Kühl M, Fenchel T
Marine Biological Laboratory, University of Copenhagen, Strandpromenaden 5, DK-3000 Helsingør, Denmark
Microb Ecol. 2000 Aug;40(2):94-103. doi: 10.1007/s002480000061.
Zonations of photosynthesis and photopigments in artificial cyanobacterial mats were studied with (i) oxygen and pH microsensors, (ii) fiber-optic microprobes for field radiance, scalar irradiance, and PSII fluorescence, and (iii) a light microscope equipped with a spectrometer for spectral absorbance and fluorescence measurements. Our analysis revealed the presence of several distinct 1-2 mm thick cyanobacterial layers mixed with patches of anoxygenic photosynthetic bacteria. Strong attenuation of visible light confined the euphotic zone to the uppermost 3 mm of the mat, where oxygen levels of 3-4 times air saturation and a pH peak of up to pH 8.8 were observed under saturating irradiance (413 µmol photon m(-2) s(-1)). Oxygen penetration was 5 mm in light and decreased to 1 mm in darkness. Volumetric oxygen consumption in the photic and aphotic zones of illuminated mat was 5.5 and 2.9 times higher, respectively, than oxygen consumption in dark incubated mats. Scalar irradiance reached 100-150% of incident irradiance in the upper 0.5 mm of the mat due to intense scattering in the matrix of cells, exopolymers, and carbonate precipitates. In deeper mat layers scalar irradiance decreased nearly exponentially, and highest attenuation coefficients of 6-7 mm(-1) were found in cyanobacterial layers, where photosynthesis and photopigment fluorescence also peaked. Visible light was attenuated >100 times more strongly than near infrared light. Microscope spectrometry on thin sections of mats allowed detailed spectral absorbance and fluorescence measurements at defined positions relative to the mat surface. Besides strong spectral signals of cyanobacterial photopigments (Chl a and phycobiliproteins), the presence of both green and purple photosynthetic bacteria was evident from spectral signals of Bchl a and Bchl c. Microprofiles of photopigment absorbance correlated well with microdistributions of phototrophs determined in an accompanying study.

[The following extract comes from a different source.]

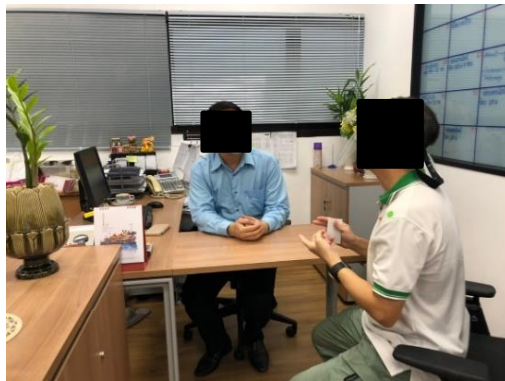
วิทยาลัยดุสิตธานี

(i)氧和pH微传感器;(ii)用于测量场辐射、标量辐照度和PSII荧光的光纤微探针;(iii)配备有用于光谱吸光度和荧光测量的光谱仪的光学显微镜。我们的分析揭示了存在几个明显的、厚度为1-2毫米的蓝藻层,这些蓝藻层与无氧光合细菌斑块混合在一起。可见光的强烈衰减将光合有效辐射层限制在席的最上层3毫米处,在饱和辐照度(413微摩尔光子·米-2·秒-1)下,此处观察到氧含量达到空气饱和度的3-4倍,pH峰值高达pH 8.8。光照下氧的渗透深度为5毫米,黑暗中降至1毫米。光照席的光合层和无光层的体积氧消耗量分别比黑暗培养席中的氧消耗量高5.5倍和2.9倍。由于细胞、胞外聚合物和碳酸盐沉淀物基质中的强烈散射,标量辐照度在席的上0.5毫米处达到入射辐照度的100-150%。在更深的席层中,标量辐照度几乎呈指数下降,在蓝藻层中发现了最高衰减系数为6-7毫米-1,光合作用和光合色素荧光也在此处达到峰值。可见光的衰减比近红外光强烈100倍以上。对席薄片的显微镜光谱分析允许在相对于席表面的特定位置进行详细的光谱吸光度和荧光测量。除了蓝藻光合色素(叶绿素a和藻胆蛋白)的强光谱信号外,从细菌叶绿素a和细菌叶绿素c的光谱信号中明显可以看出绿色和紫色光合细菌的存在。光合色素吸光度的微剖面与在一项伴随研究中确定的光合生物的微分布密切相关。